Monday , September 28 2020
Keep this yoga assistant nearby to successfully progress and customize various yoga techniques and postures.

Nintendo DS Review: Quick Yoga Training

This new yoga companion is personal and portable, but not really “quick”. Players get more than 180 poses and different camera angles (referred to as point change, not camera angle) – a possible target for player perversion due to some compromising stances motion captured and approved by Mai Hashimoto and the Swami Vivekananda’s Yoga Research Foundation.
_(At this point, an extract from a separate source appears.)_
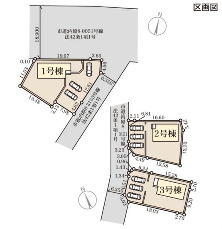 | 駐車場 | 3台 | 道路の幅員 | 北側18.9m公道・東側6.35m公道・西側6.35m公道 |

The journey begins after confirming a special exercising agreement, then records are kept as players maneuver through daily power yoga, prescription yoga, free selection and practice logs. Players can read all the information in English or Sanskrit and search several challenging poses by posture and action. Information on specific details and benefits help players customize their experience. Actions can be added to the practice menu as lessons are learned. Eventually, players can make their own routines. Skip step and rewind/fast forward options are available…if you can touch the screen with the stylus while exercising.

Players have no real guidance or interactivity, plus constant glancing at the screen during these physical activities. Special voice features eliminate voice overs, but not the need for them. Players also use the microphone to check breathing techniques. The voice features should be helpful throughout the text heavy sets, viewable on both screens, but are not really practical unless you have a headset on. Even then players must move and perform the actual poses – a challenging task without trying to keep up with viewings (yes, the font is a bit small) and voice commands (a voice recognized “pause” would have been nice, but players can still touch the screen for one).

Other features show calories burned, also represented by food and special relaxation techniques to treat insomnia, ease worries, tired eyes, and clear that head. The tools mode includes quizzes, terms, search options (a great place to start), breathing practice and a physical test that determines “how old your body is”. Music (with limited options) and sound effects provide limited cues for breathing and progression.

This latest yoga video game training assistant does not really qualify as a game and furthers mild displeasure with inconvenient navigation and functionality. This companion could use several improvements and might be used initially in more private settings due to the occasionally confusing instruction and required close proximity. Find a reachable viewing spot even with your eye line, possibly even completing sets by posture (sitting, standing, laying down, etc.) so you can complete several at a time. Once past the considerable learning curve, this title provides a helpful portable yoga companion for players willing to invest the time.

Quick Yoga Training is rated E (Everyone) by the ESRB.